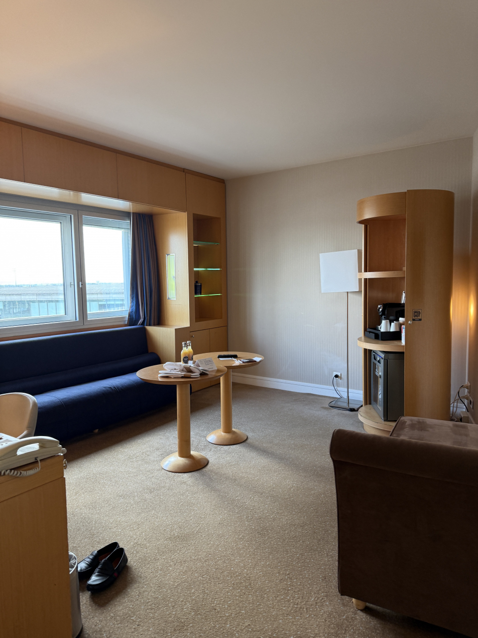 シャルル・ド・ゴール空港敷地内唯一のホテルで、駅にも近く、利便性は高いです。近隣にお店も多くありますが、日本やアジアと違い24時間営業しているわけではありません。また、空港内にもいろいろな人もいるので、そのあたりも気をつけてほしい場所。ホテル内には警備もきちんとしているので、かなり安全です。ただ、ここのラウンジは客室を転用しているのか非常に狭く、飲み物以外はほぼありません。スイートはミニバーもすべて無料でした。
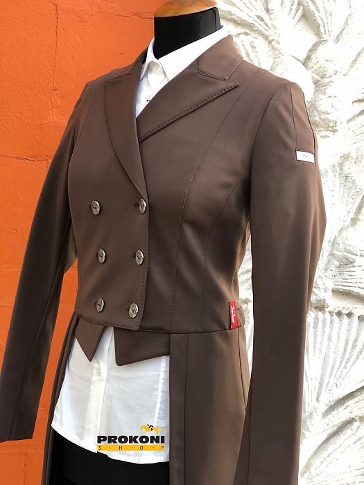 Однослойный классический фрак без страз и других декоративных вставок из умеренно эластичной плотной ткани.
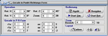 | Gerade in Punkt-Richtungs-Form | r1x,r1y,r1z,ax,ay,az | Werte der Koeffizienten r und a der Gerade in Punkt-Richtungs-Form |
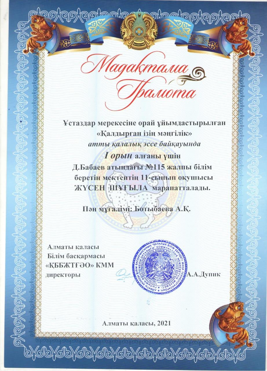 19 январь 2022 0 1 2 3 4 5 Мадақтама "Қалдырған ізін мәңгілік" атты қалалық эссе байқауында І орын иеленген Жүсен Шұғыла марапатталды. Пән мұғалімі Ботыбаева Аяулым Қайырбекқызы. Осы беттің QR-коды:QR-код этой страницы:
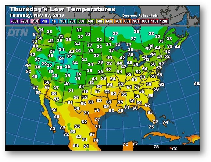Prévisions des températures les plus basses (degrés Farenheit)
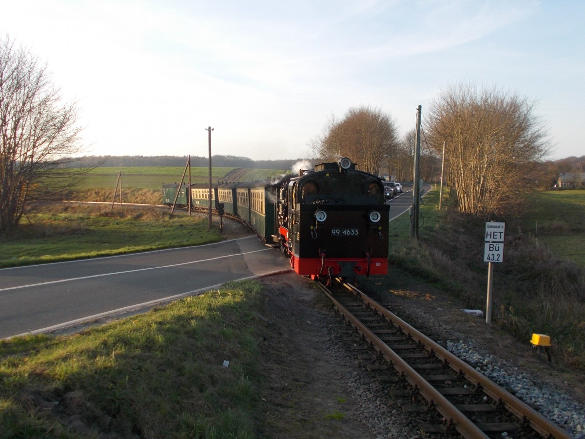 Am 29.November 2014 überquerte die,sonst in Grün lackierte,99 4633(Mh53),mit ihren Zug nach Göhren,den Bahnübergang an der B196 bei Serams.
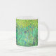 Mattierte Glass Coffee Tasse mit Vincent van Gogh’s Ölmalerei Field mit Irises Near Arles (1888). Die goldgelben Felder in Arles, Frankreich, sind mit schönen blauen Reisen geschmückt. Ein wunderbares Geschenk für Liebhaber des Post-Impressionismus und niederländische Kunstsammler!
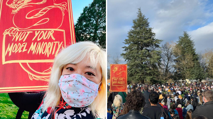 Some of Tse’s current VR art on social media features a protest sign she made: “I am not your model minority.”
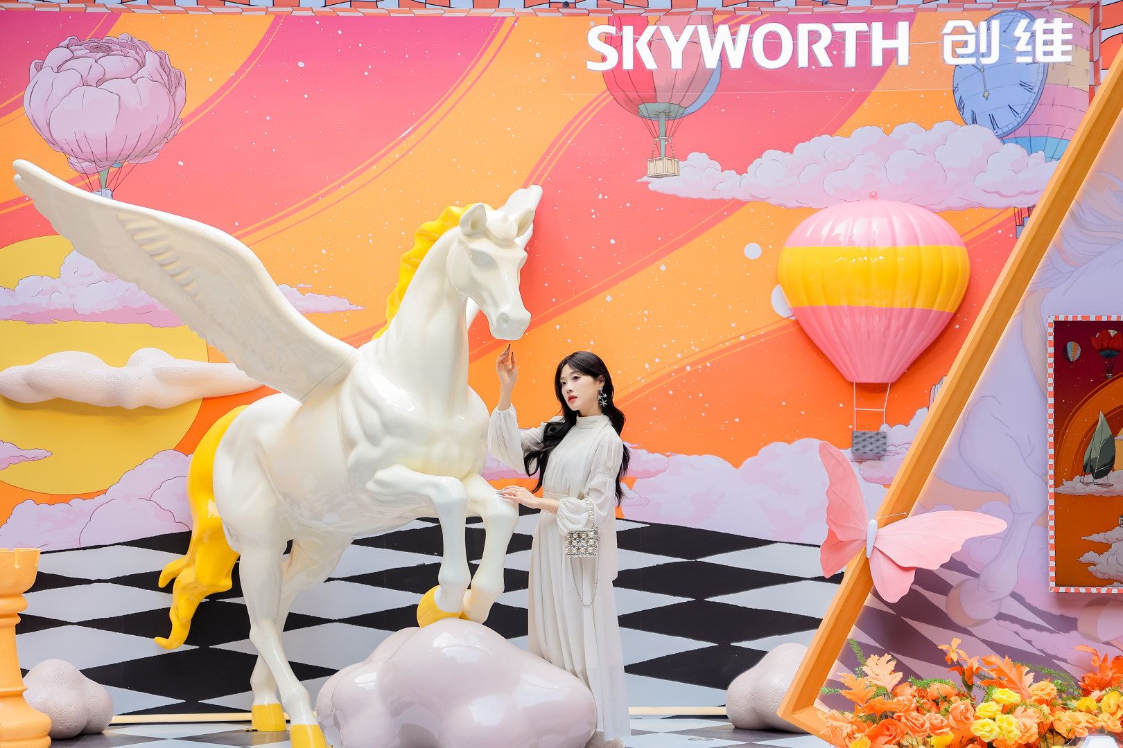 步入展区,观众仿佛迈入壁画世界,设计师笔下的元素跃出二维平面,在现实空间被拓展、放大、立体化呈现。洁白的飞马雕塑凌空展翼,国际象棋棋盘化作地面艺术装置,蝴蝶与鲜花在画框四周翩跹环绕,共同编织出一场可感、可触、可步入的沉浸式美学空间。“这不像是一个电视展,更像是一场高级艺术展。”专程从广州前来观展的设计师王女士感叹道,“尤其是飞马设计,既充满高级感,又带着马年的吉祥寓意,我太喜欢了!”

######

→ **EXERCISE**
Would you return all of the data above word for word, omitting every picture?

→ **OUTPUT FOR THIS EXERCISE**
 シャルル・ド・ゴール空港敷地内唯一のホテルで、駅にも近く、利便性は高いです。近隣にお店も多くありますが、日本やアジアと違い24時間営業しているわけではありません。また、空港内にもいろいろな人もいるので、そのあたりも気をつけてほしい場所。ホテル内には警備もきちんとしているので、かなり安全です。ただ、ここのラウンジは客室を転用しているのか非常に狭く、飲み物以外はほぼありません。スイートはミニバーもすべて無料でした。
 Однослойный классический фрак без страз и других декоративных вставок из умеренно эластичной плотной ткани.
 | Gerade in Punkt-Richtungs-Form | r1x,r1y,r1z,ax,ay,az | Werte der Koeffizienten r und a der Gerade in Punkt-Richtungs-Form |
 19 январь 2022 0 1 2 3 4 5 Мадақтама "Қалдырған ізін мәңгілік" атты қалалық эссе байқауында І орын иеленген Жүсен Шұғыла марапатталды. Пән мұғалімі Ботыбаева Аяулым Қайырбекқызы. Осы беттің QR-коды:QR-код этой страницы:
Prévisions des températures les plus basses (degrés Farenheit)
 Am 29.November 2014 überquerte die,sonst in Grün lackierte,99 4633(Mh53),mit ihren Zug nach Göhren,den Bahnübergang an der B196 bei Serams.
 Mattierte Glass Coffee Tasse mit Vincent van Gogh’s Ölmalerei Field mit Irises Near Arles (1888). Die goldgelben Felder in Arles, Frankreich, sind mit schönen blauen Reisen geschmückt. Ein wunderbares Geschenk für Liebhaber des Post-Impressionismus und niederländische Kunstsammler!
 Some of Tse’s current VR art on social media features a protest sign she made: “I am not your model minority.”
 步入展区,观众仿佛迈入壁画世界,设计师笔下的元素跃出二维平面,在现实空间被拓展、放大、立体化呈现。洁白的飞马雕塑凌空展翼,国际象棋棋盘化作地面艺术装置,蝴蝶与鲜花在画框四周翩跹环绕,共同编织出一场可感、可触、可步入的沉浸式美学空间。“这不像是一个电视展,更像是一场高级艺术展。”专程从广州前来观展的设计师王女士感叹道,“尤其是飞马设计,既充满高级感,又带着马年的吉祥寓意,我太喜欢了!”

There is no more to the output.